SOPA – how our Congress is Un-American

Why the ESA is Wrong to Support SOPA
[Via American Times]

The Entertainment Software Association has reasserted their support of the anti-piracy legislation currently being debated in congress. The ESA’s members include giants in the video game and software industry such as Nintendo, Sony, EA and many more. Earlier reports suggesting some of these companies had withdrawn support from SOPA have turned out to be false.

In its statement, the ESA claims that ”As an industry of innovators and creators, we understand the importance of both technological innovation and content protection, and do not believe the two are mutually exclusive. Rogue websites — those singularly devoted to profiting from their blatant illegal piracy — restrict demand for legitimate video game products and services, thereby costing jobs.”

“Our industry needs effective remedies to address this specific problem, and we support the House and Senate proposals to achieve this objective. We are mindful of concerns raised about a negative impact on innovation. We look forward to working with the House and Senate, and all interested parties, to find the right balance and define useful remedies to combat willful wrongdoers that do not impede lawful product and business model innovation.”

No doubt piracy is a problem, and many of the rogue sites which the SOPA/PIPA legislation seeks to shut down exist for no other reason save to enable piracy of games, music, and film that other people and companies worked hard and spent money to create.

The issue is not that something should or should not be done – most interested parties can agree that some move to better cope with piracy threats is reasonable if not as pressing an issue as many in the entertainment industry argue.

The real problem is that the legislation in question goes too far, giving over too many powers to the government and giving away too much to the industry. So what are the problems with SOPA?

[More]

SOPA makes us like China. Like Saudi Arabia. Like North Korea.Our ability to connect on the Internet would be in the ands of politicians and corporations.

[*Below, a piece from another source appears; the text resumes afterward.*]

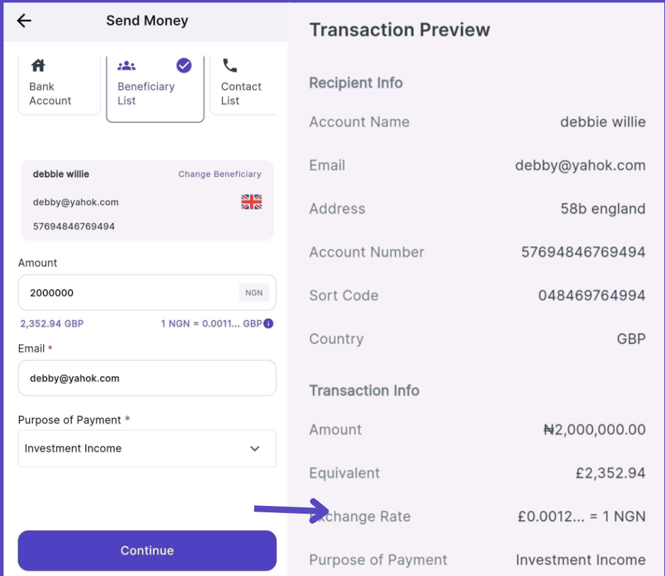 - Go ahead and input the naira amount you want to send and the purpose of payment. Once done, the rate converter will automatically display the GBP equivalent your recipient will receive.
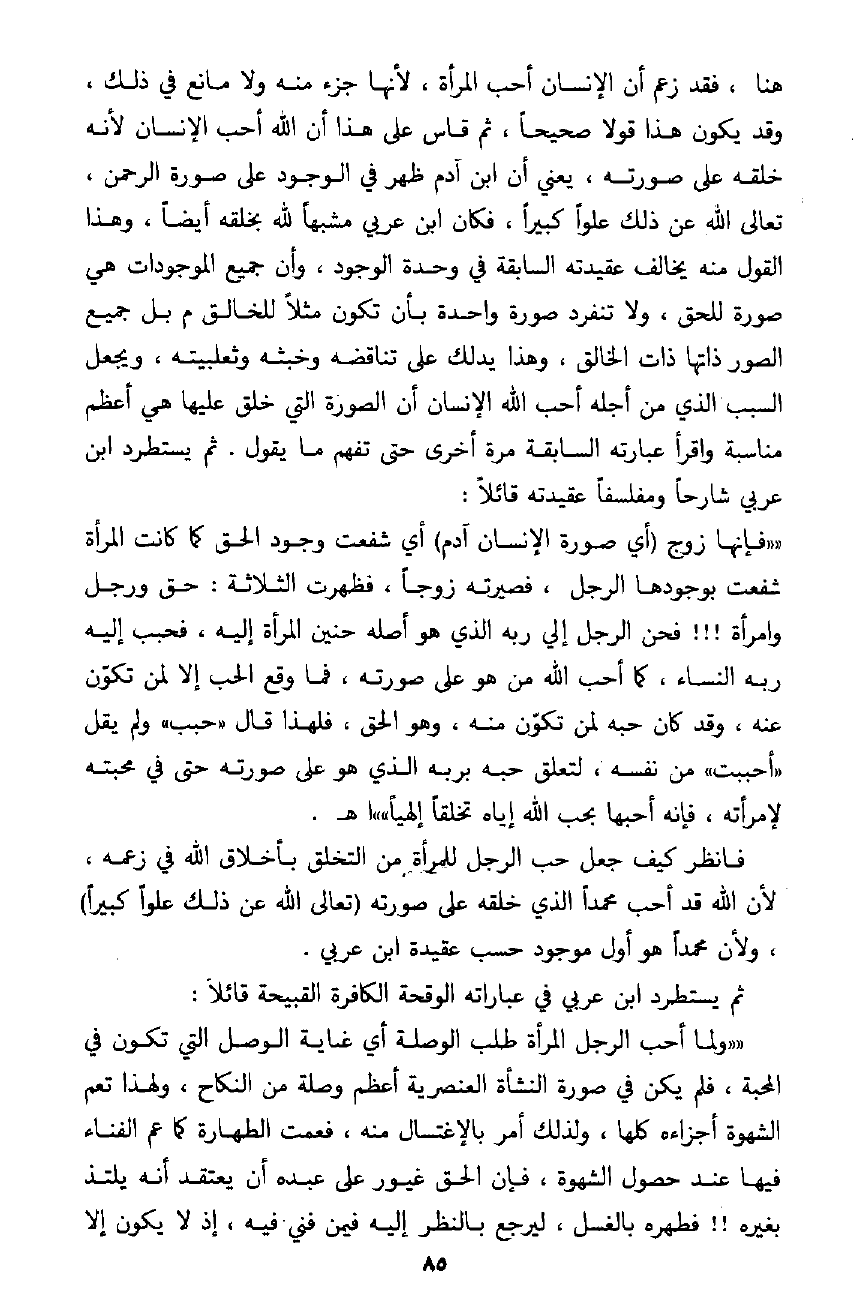 أقول مع هذا يعود ويقرر دون شك أن النار ستكون بردًا وسلامًا على أهلها، كما كانت نار إبراهيم بردًا وسلامًا عليه، يقول في (الفصوص ص169) : " وأما أهل النار فمآلهم إلى النعيم ولكن في النار. . إذ لا بد لصورة النار بعد انتهاء مدة العقاب أن تكون بردًا وسلامًا على من فيها، وهذا نعيمهم، فينعم أهل النار بعد استيفاء الحقوق نعيم خليل الله حين ألقي في النار، فإنه ـ عليه السلام ـ تعذب برؤيتها.

They would determine who gets to be seen online. They would also penalize anyone who even linked to one of the sites they alone get to hide.

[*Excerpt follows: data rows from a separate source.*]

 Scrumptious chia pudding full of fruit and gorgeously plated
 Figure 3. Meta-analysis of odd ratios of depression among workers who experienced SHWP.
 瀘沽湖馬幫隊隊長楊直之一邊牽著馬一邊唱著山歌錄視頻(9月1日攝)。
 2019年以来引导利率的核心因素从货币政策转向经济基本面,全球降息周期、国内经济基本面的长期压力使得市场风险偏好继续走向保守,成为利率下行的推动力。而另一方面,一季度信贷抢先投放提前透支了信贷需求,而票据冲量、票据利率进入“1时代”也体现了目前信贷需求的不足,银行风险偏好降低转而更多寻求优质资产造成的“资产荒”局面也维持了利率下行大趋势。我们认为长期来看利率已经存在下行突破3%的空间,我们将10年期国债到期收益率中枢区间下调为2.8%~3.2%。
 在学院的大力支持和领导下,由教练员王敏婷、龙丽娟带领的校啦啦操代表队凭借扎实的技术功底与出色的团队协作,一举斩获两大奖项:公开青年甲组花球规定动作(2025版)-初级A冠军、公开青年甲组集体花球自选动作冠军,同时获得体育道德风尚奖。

The government has already shown that it will ‘kill’ a site in appropriately, not returning it for over a year. SOPA will allow this to be expanded exponentially, with commercial entities providing the need to kill sites.

And the funny thing is that it will do little good anyway in stopping people from finding pirated material if they want. Perhaps if these companies did a better job providing easier access to the materials, things would be different.

But their business model is based on scarcity so they must make things scarce – such as our freedoms and possibly even our civil liberties.

Any politician who votes for this shows their true colors – they are for censorship, for being guilty until proven innocent, for killing the Internet to further their own business patrons, for Un-Americanism. I would not be surprised if some enterprising hacker to ‘Santorum‘ these politicians.